Research Suggests Decreased Cancer Risk With Daily Aspirin Use

A number of studies have demonstrated the relationship between a daily aspirin regimen and a decreased incidence of some cancers, although no definitive cause-and-effect relationship has been established, nor the length of the daily aspirin treatment or the ideal dosage. The science is strong enough to warrant recommendations for daily aspirin usage from the U.S. Preventive Services Task Force.

What Cancers Might Be Prevented By Taking a Daily Aspirin?

Although there are a number of types of cancer whose incidence may be reduced by taking a daily aspirin, there are four types of cancer of the gastrointestinal system that seem to be the most greatly affected: Colon, esophagus, rectum and stomach.

Other research suggests that to a lesser extent, breast, lung, ovarian and prostate cancers may be prevented by taking an aspirin daily. The research for these cancers comes from observation of data already obtained through clinical studies on the use of daily aspirin for prevention of heart disease.

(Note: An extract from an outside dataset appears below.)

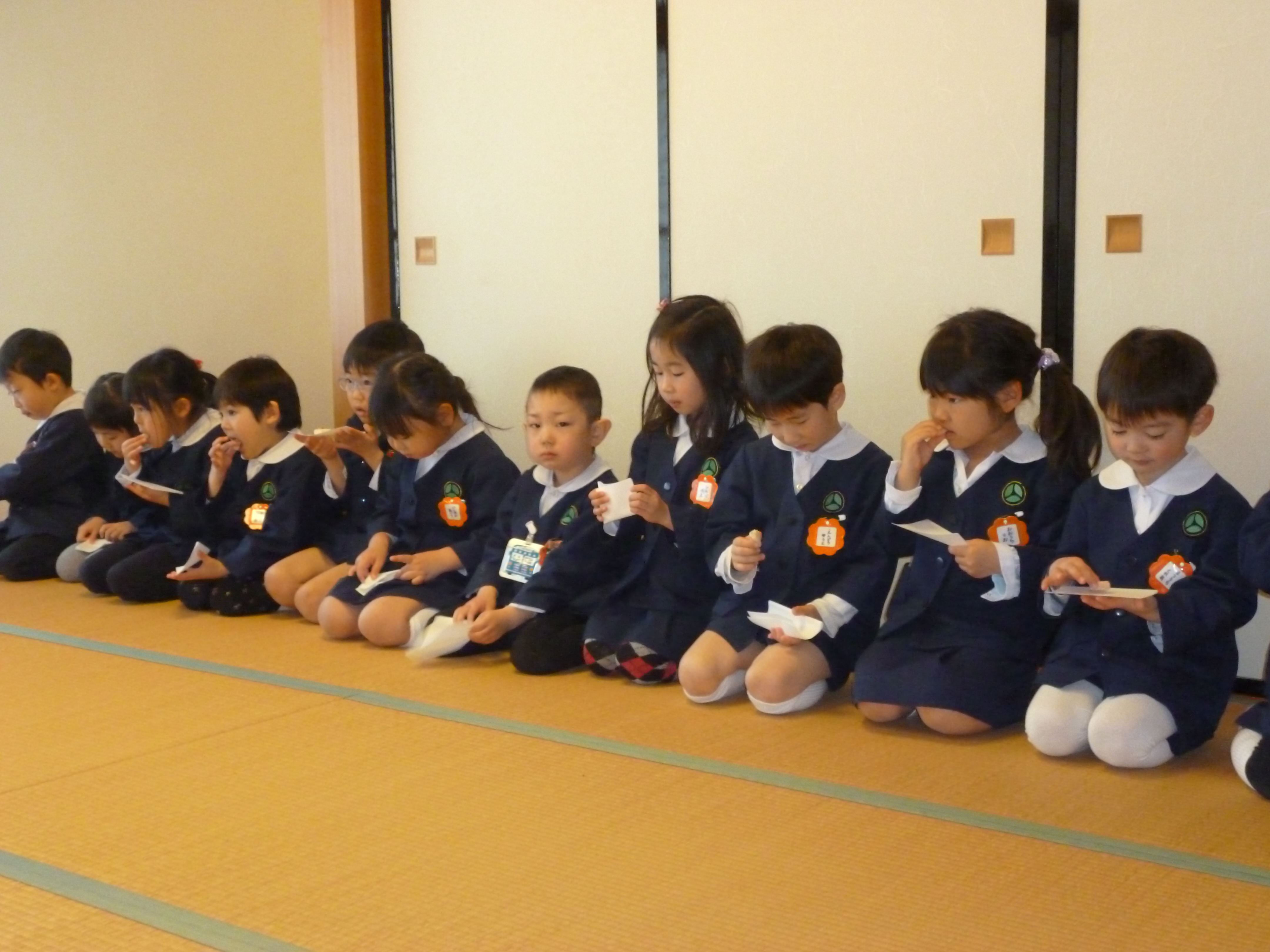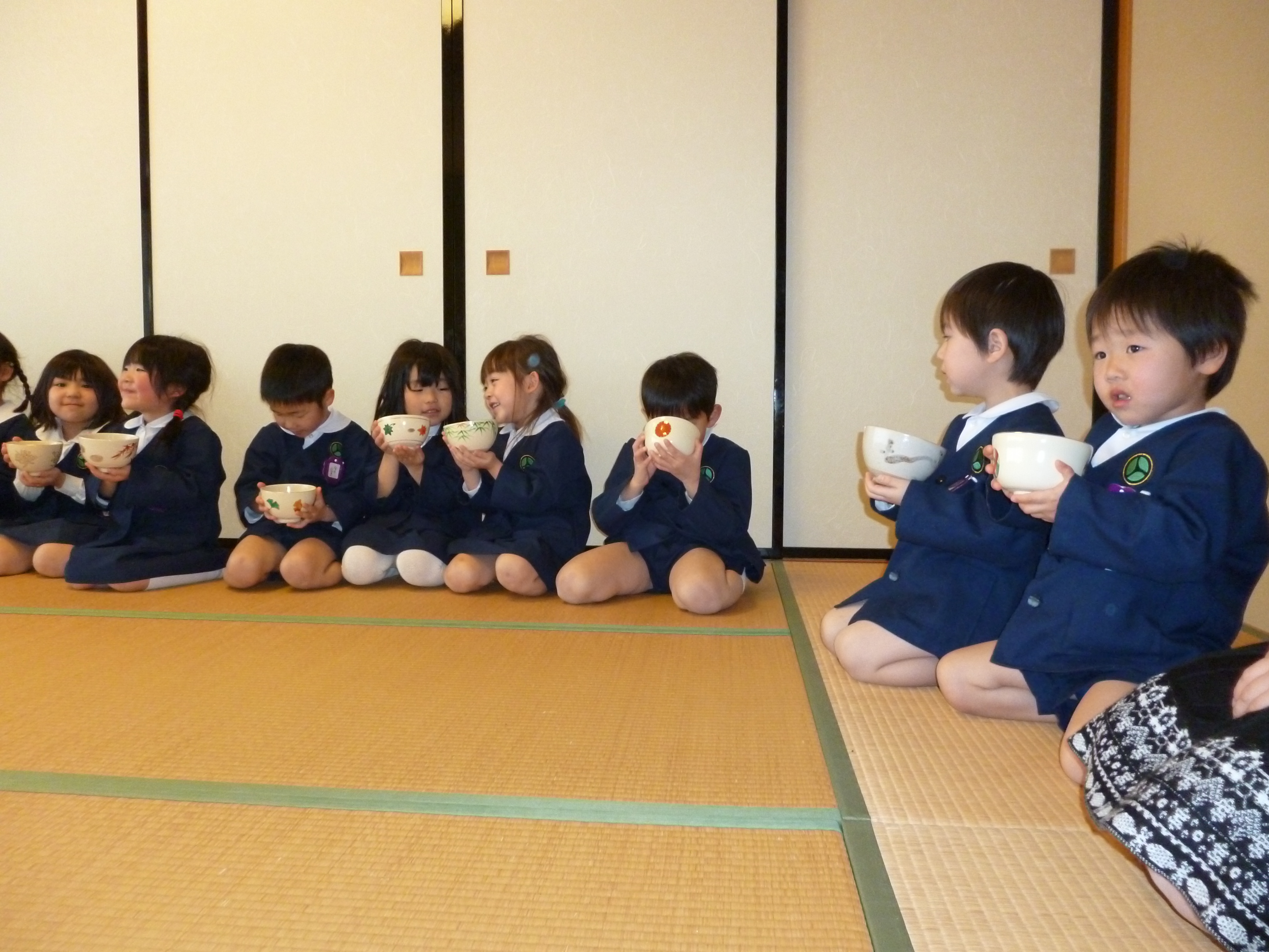 普段の保育室とは違う茶室の雰囲気に興味をもち、「床の間」や「ふすま」「障子」についての話を熱心に聞いていました。本日のお軸は「立雛」です。また、こどもたちの楽しみにしていたお菓子は「菱おこし」でした。「甘くておいしい!」と、喜んで味わっていました。初めて味わう抹茶も美味しくいただき、あっという間に飲んでいました。

U.S. Preventive Services Task Force Recommendations for Aspirin Use to Prevent Cancer

In April 2016, the U.S. Preventive Services Task Force issued recommendations for the use of a daily aspirin regimen to help prevent both heart disease and colorectal cancer.

The USPSTF provides the strongest recommendation for the use of a daily aspirin regimen for those people in the age group of 50 to 59 years-of-age. This recommendation is graded a “B” by the USPSTF, meaning healthcare providers should offer this recommendation to their patients in that age group as it offers a “high certainty that the net benefit is moderate or there is moderate certainty that the net benefit is moderate to substantial.”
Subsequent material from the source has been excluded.